There are two sub-forms of ALA. The natural form (racemic) of RLA is pure and found is nature and the human body. SLA is a by-product of chemical manufacturing processes. A combination of the two R/S-LA is often found in the available commercial products found in health stores and vitamin shops. SLA alone or mixed with RLA is considered safe and non-toxic unless there is a thiamine deficiency. SLA can have an adverse effect in these incidences, even causing death.

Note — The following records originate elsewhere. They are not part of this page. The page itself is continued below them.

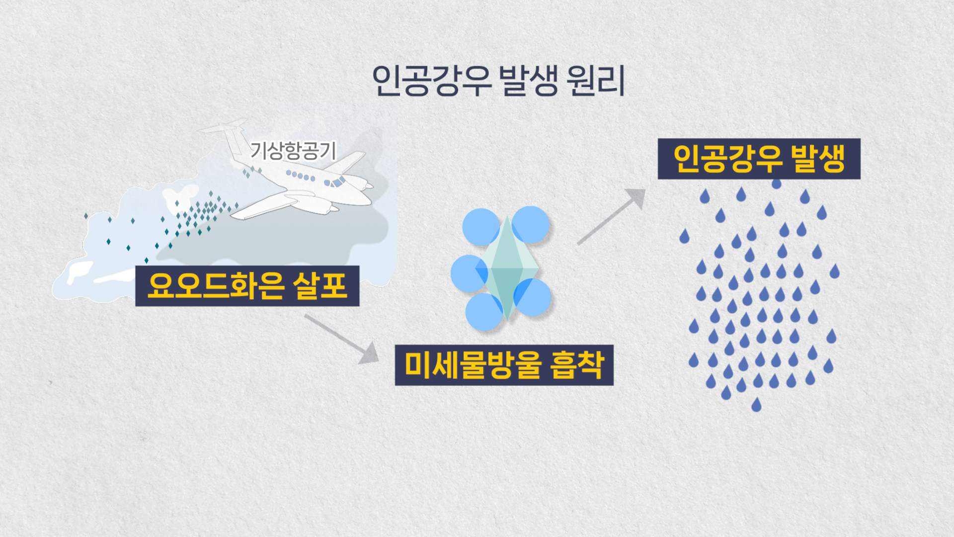 먼저 인공강우는 구름에 '요오드화 은' 같은 화학 씨앗을 뿌려 비를 내리게 하는 실험입니다.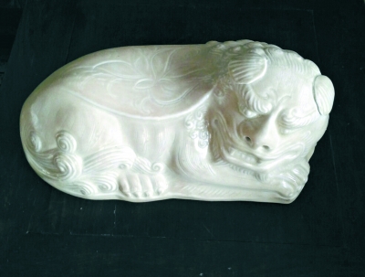 當年乾隆皇帝在得到一件宋代定窯白瓷孩兒枕時非常欣喜,特地作了一首詩:“瓷枕通靈氣,全勝玳與珊。眠云渾不覺,夢蝶更應安?!倍ǜG一直被視為宋代五大名窯之一,創燒于河北定州曲陽,河南當陽峪窯、禹州扒村窯和魯山段店窯都生產有定瓷一類的器物,通常被稱為定窯系。特別要引起關注的是,近年發現的段店定瓷,其種類和質量都比曲陽定瓷更勝一籌,色彩有白、粉、綠、黃、醬、黑等多種,器型有瓶、盤、枕、壺、尊等,燒制于北宋早中期,燒制溫度比曲陽定窯略高。白瓷顏色也較為潔白,?;潭容^高,瓷胎也較精細,并出現不少宮廷刻款。當地的藏家認為段店定瓷有可能是皇家用瓷,理由是魯山屬于汝州轄下,而汝窯為繼定窯之后的北宋官窯。汝州離京師不遠,既然有能力生產這么精美的白瓷,完全沒有必要舍近求遠,到河北的曲陽去生產官窯白瓷。目前見到的段店白定瓷工藝制作水平達到很高的程度,筆者收藏的瓷枕中就有工藝復雜、制作精細的,如一件白瓷獅枕,刻花極其精細,獅子的毛發纖毫畢現,獅子的塑造結構復雜,立體感強,十分罕見。當然還有印花、劃花、剔花各種造型和工藝的瓷枕,有的填補了國內外博物館空白。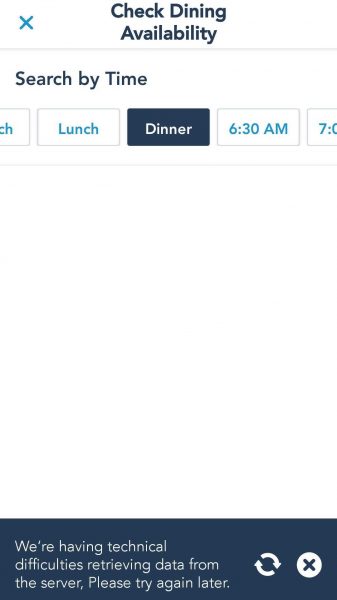 Then, as the morning went on, reservations became completely unavailable all of a sudden! Despite the Disney site still noting that dining reservations are available online, we’ve been seeing this error message on every dining-related page.

RLA has existed since the dawn of time, essential to all life forms, known as a protogen in aiding metabolism. The substance was first isolated in a crystalline form by Dr. Lester Reed from the University of Texas, when he extracted a miniscule amount from over 10 tons of beef liver in 1951. Collaboration with chemists at Eli Lilly Company provided a means for structural identity and composition.
It was not until 1952 that the chemical sister SLA was produced by chemical synthesis. Germany and Japan were forerunners in the study and synthesis of Alpha Lipoic Acid. Despite the evident that the two sub forms of ALA were not bioequal, studies continued in different clinical trials using RLA and SLA.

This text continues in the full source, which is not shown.